====== AVAILABLE DATA ======
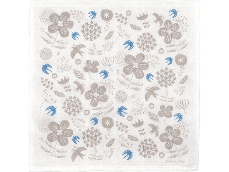 北欧風のお花と鳥のデザインがかわいいかや生地ふきん
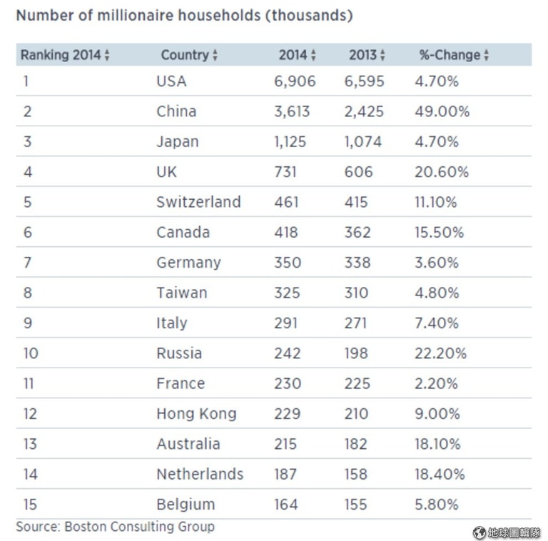 BCG 的財富資產報告同時揭露了資產達到百萬的富翁家庭*數據,美國共有 690.6 萬戶成為全球最多百萬富翁的國家,較 2013 年成長了 4.7%,而中國百萬富翁家庭巨幅成長了 49%,至 361.3 萬戶,來到第二,台灣 2014 年百萬富翁家庭則至 32.5 萬戶,成長了 4.8%,位居第八,還贏過法國、香港、澳洲、荷蘭、比利時等國。
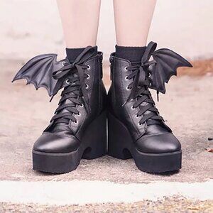 In a word, Awesome! Here’s what I love about these shoes, the bat wing is laced onto the shoe so it’s easily removed providing versatility. Needless to say these are great for Halloween and any other vamp inspired occasions, but they are a statement piece on their own. Super lightweight. Lace up or easily zip on/off.
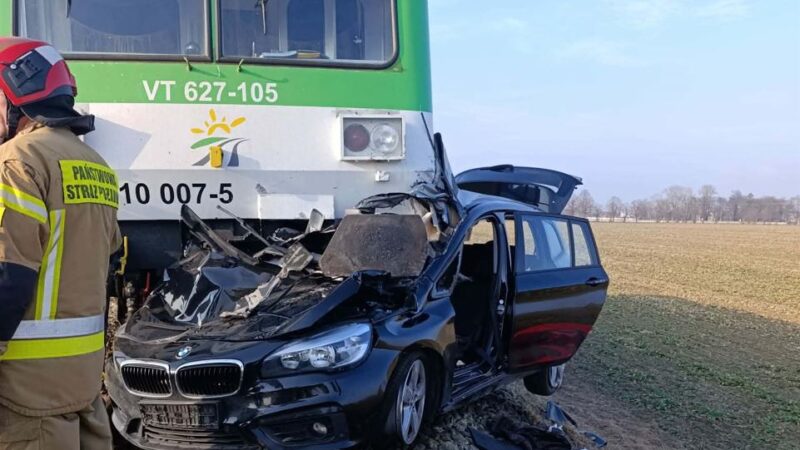Śmiertelny wypadek w Ogorzelicach. BMW wjechało pod szynobus Kolei Mazowieckich. Nie żyje pasażerka z auta, kierowca ranny
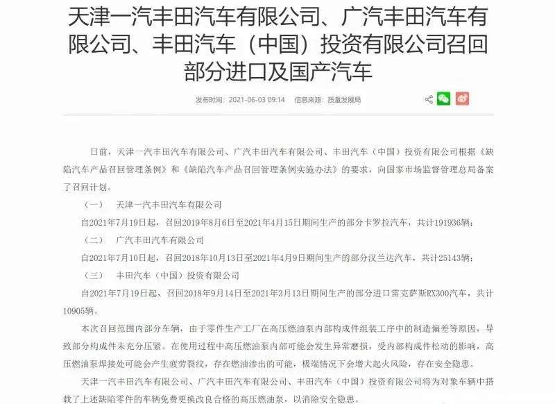 事实上,没有一家车企敢100%肯定自己生产的车完全不存在缺陷,就算是丰田也不行。这不,丰田又出问题了。12月10日,根据国家市场监督管理局消息,包括广汽丰田、天津一汽丰田、丰田汽车中国投资有限公司、四川一汽丰田有限公司以及长春丰越公司在内的五家企业,向国家市场监督管理总局备案了召回计划。
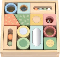 Odkryj magię tych sensorycznych klocków zaprojektowanych tak, aby rozwijać dziecięcą ciekawość i wyobraźnię. Każdy klocek jest wykonany z wysokiej jakości drewna z certyfikatem FSC® zapewniającym ekologiczną odpowiedzialność produktu. Dzięki różnorodności materiałów i tekstur dzieci uczą się rozpoznawać i odróżniać więcej elementów w ich otoczeniu.
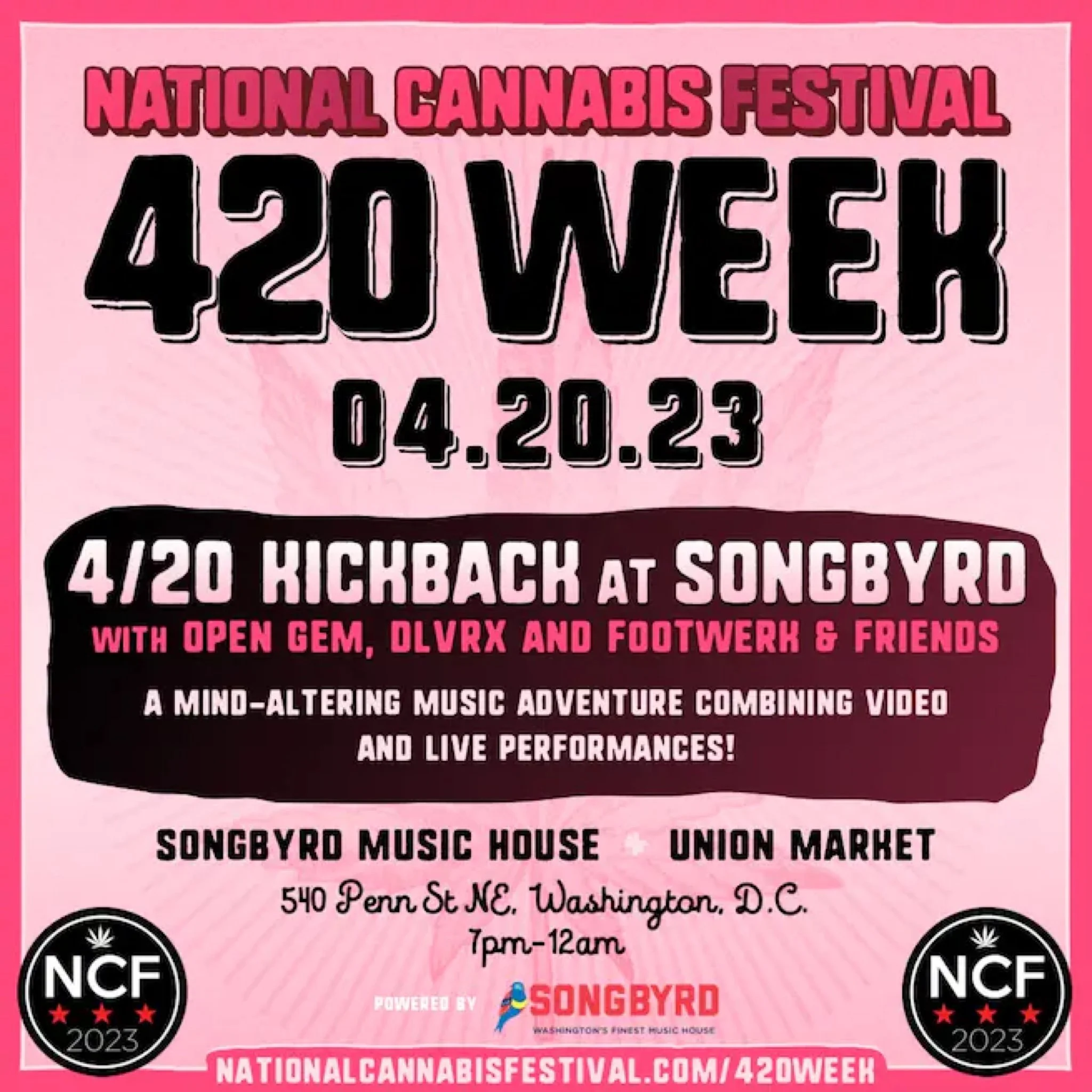 Join NCF, Songbyrd, Open Gem & DLVRx for the official 420 Kickback Music Showcase on Thursday, April 20th, from 8pm to Midnight (Doors at 7pm) for a mind-altering music adventure combining video and live performances by:
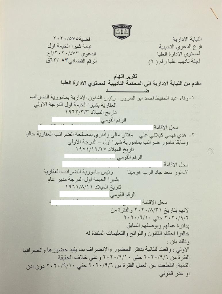 قررت النيابة الإدارية في القضية رقم 83 لسنة 63 قضائية عليا إحالة رئيس مأمورية الضرائب العقارية بشبرا الخيمة أول ومسئولين من مساعديه للمحاكمة التأديبية العاجلة بعد ثبوت ارتكابهم المخالفة الإدارية المؤثمة بالمواد 46 و57 و58 من قانون الخدمة المدنية رقم 81 لسنة 2016، ولائحته التنفيذية.
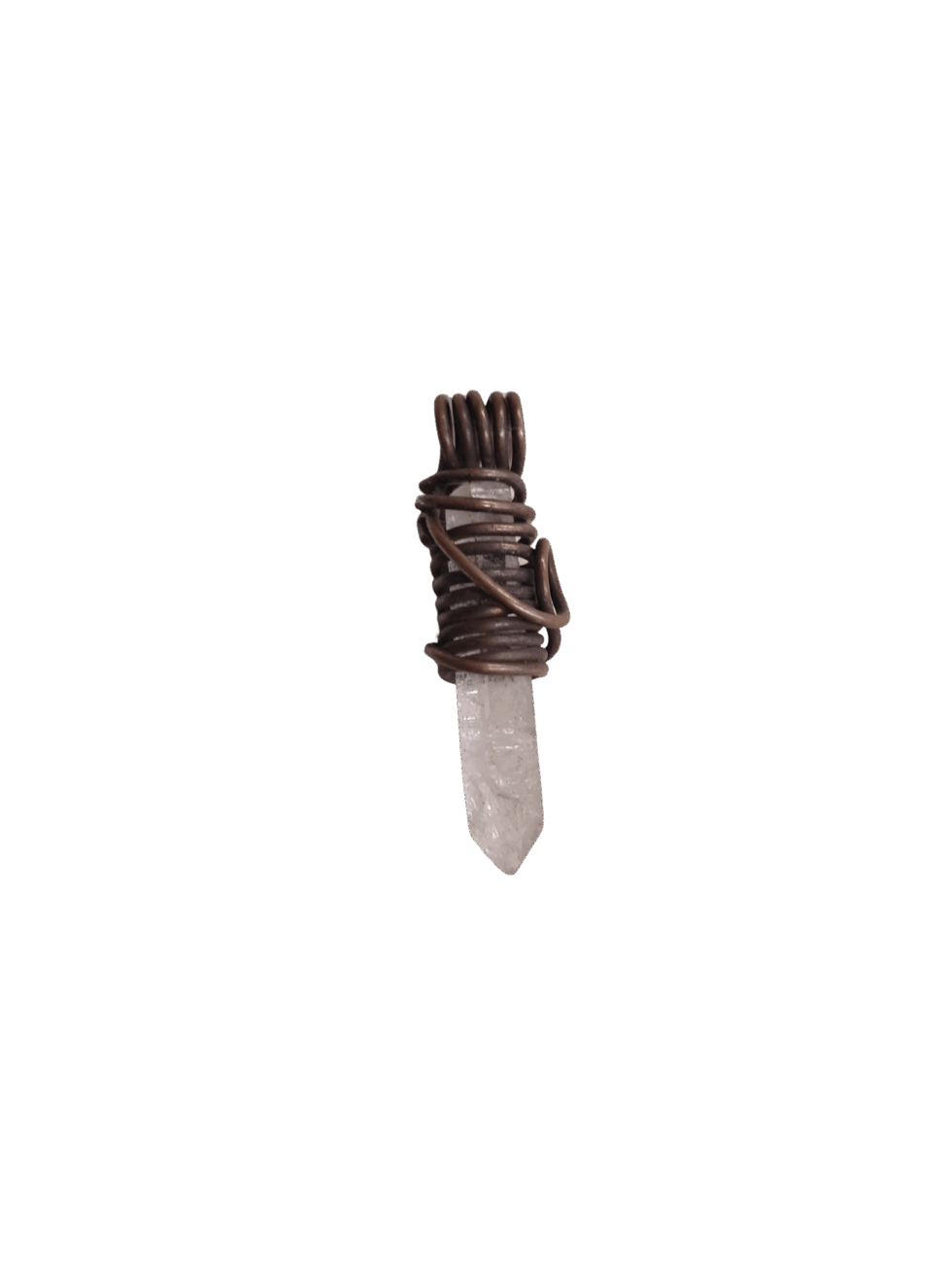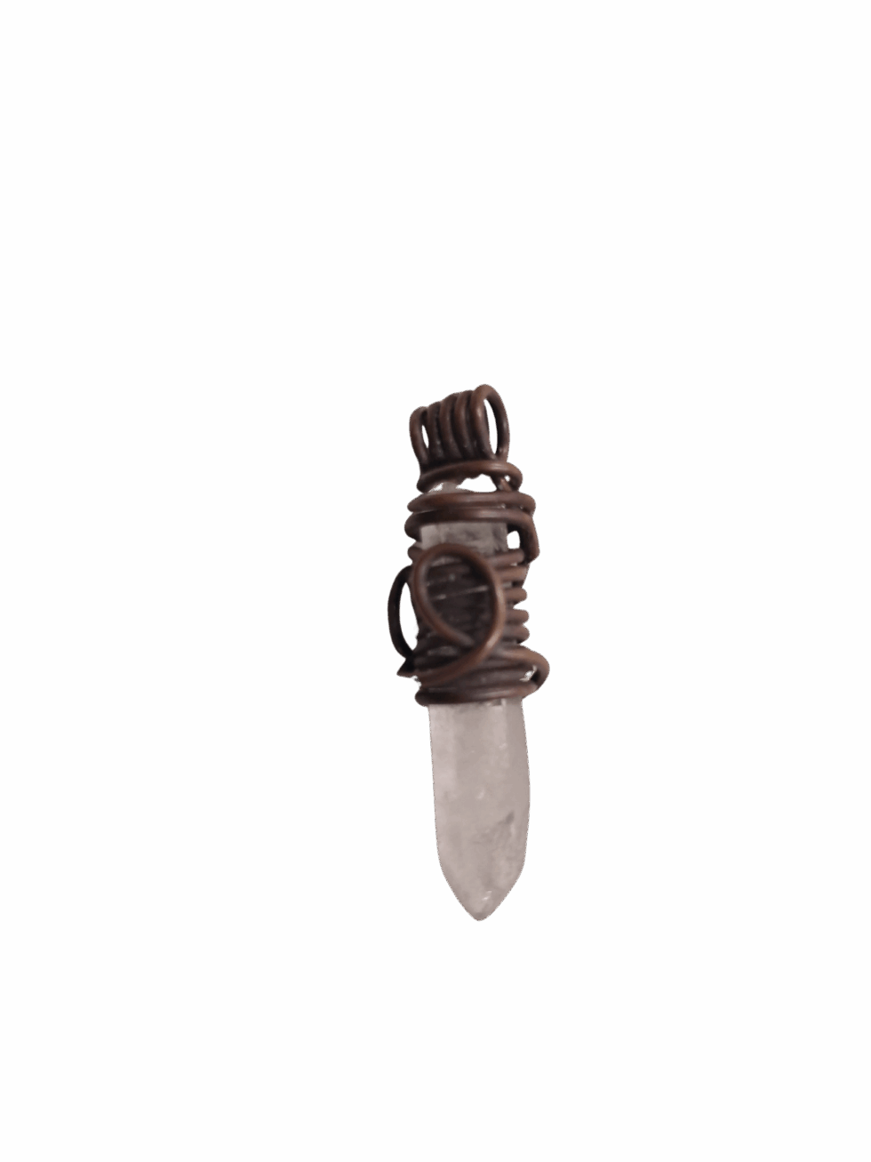Talisman purificateur en cristal de roche monté sur cuivre, pour amplifier l’énergie, clarifier l’esprit et harmoniser les intentions.
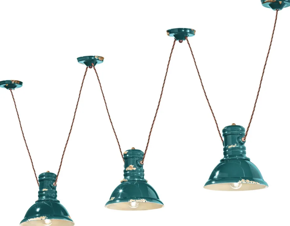 Flexibel verstellbare Pendelleuchte mit Keramik Lampenschirm in Petrol
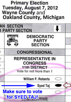Thanks to Dr. Taj being an excellent candidate and running a solid campaign already, the spectacular, jaw-dropping downfall and abrupt resignation of incumbent Republican Congressman Thaddeus McCotter from the 11th District has given Dr. Taj a real shot at winning this normally Republican-leaning district. However, in order to do so, he first has to beat the LaRouche candidate in the August primary.
======
**PROBLEM DETAILS**
An exact copy of every line above is needed, without the images.

**WRITTEN REPLY**
 北欧風のお花と鳥のデザインがかわいいかや生地ふきん
 BCG 的財富資產報告同時揭露了資產達到百萬的富翁家庭*數據,美國共有 690.6 萬戶成為全球最多百萬富翁的國家,較 2013 年成長了 4.7%,而中國百萬富翁家庭巨幅成長了 49%,至 361.3 萬戶,來到第二,台灣 2014 年百萬富翁家庭則至 32.5 萬戶,成長了 4.8%,位居第八,還贏過法國、香港、澳洲、荷蘭、比利時等國。
 In a word, Awesome! Here’s what I love about these shoes, the bat wing is laced onto the shoe so it’s easily removed providing versatility. Needless to say these are great for Halloween and any other vamp inspired occasions, but they are a statement piece on their own. Super lightweight. Lace up or easily zip on/off.
Śmiertelny wypadek w Ogorzelicach. BMW wjechało pod szynobus Kolei Mazowieckich. Nie żyje pasażerka z auta, kierowca ranny
 事实上,没有一家车企敢100%肯定自己生产的车完全不存在缺陷,就算是丰田也不行。这不,丰田又出问题了。12月10日,根据国家市场监督管理局消息,包括广汽丰田、天津一汽丰田、丰田汽车中国投资有限公司、四川一汽丰田有限公司以及长春丰越公司在内的五家企业,向国家市场监督管理总局备案了召回计划。
 Odkryj magię tych sensorycznych klocków zaprojektowanych tak, aby rozwijać dziecięcą ciekawość i wyobraźnię. Każdy klocek jest wykonany z wysokiej jakości drewna z certyfikatem FSC® zapewniającym ekologiczną odpowiedzialność produktu. Dzięki różnorodności materiałów i tekstur dzieci uczą się rozpoznawać i odróżniać więcej elementów w ich otoczeniu.
 Join NCF, Songbyrd, Open Gem & DLVRx for the official 420 Kickback Music Showcase on Thursday, April 20th, from 8pm to Midnight (Doors at 7pm) for a mind-altering music adventure combining video and live performances by:
 قررت النيابة الإدارية في القضية رقم 83 لسنة 63 قضائية عليا إحالة رئيس مأمورية الضرائب العقارية بشبرا الخيمة أول ومسئولين من مساعديه للمحاكمة التأديبية العاجلة بعد ثبوت ارتكابهم المخالفة الإدارية المؤثمة بالمواد 46 و57 و58 من قانون الخدمة المدنية رقم 81 لسنة 2016، ولائحته التنفيذية.
Talisman purificateur en cristal de roche monté sur cuivre, pour amplifier l’énergie, clarifier l’esprit et harmoniser les intentions.
 Flexibel verstellbare Pendelleuchte mit Keramik Lampenschirm in Petrol
Thanks to Dr. Taj being an excellent candidate and running a solid campaign already, the spectacular, jaw-dropping downfall and abrupt resignation of incumbent Republican Congressman Thaddeus McCotter from the 11th District has given Dr. Taj a real shot at winning this normally Republican-leaning district. However, in order to do so, he first has to beat the LaRouche candidate in the August primary.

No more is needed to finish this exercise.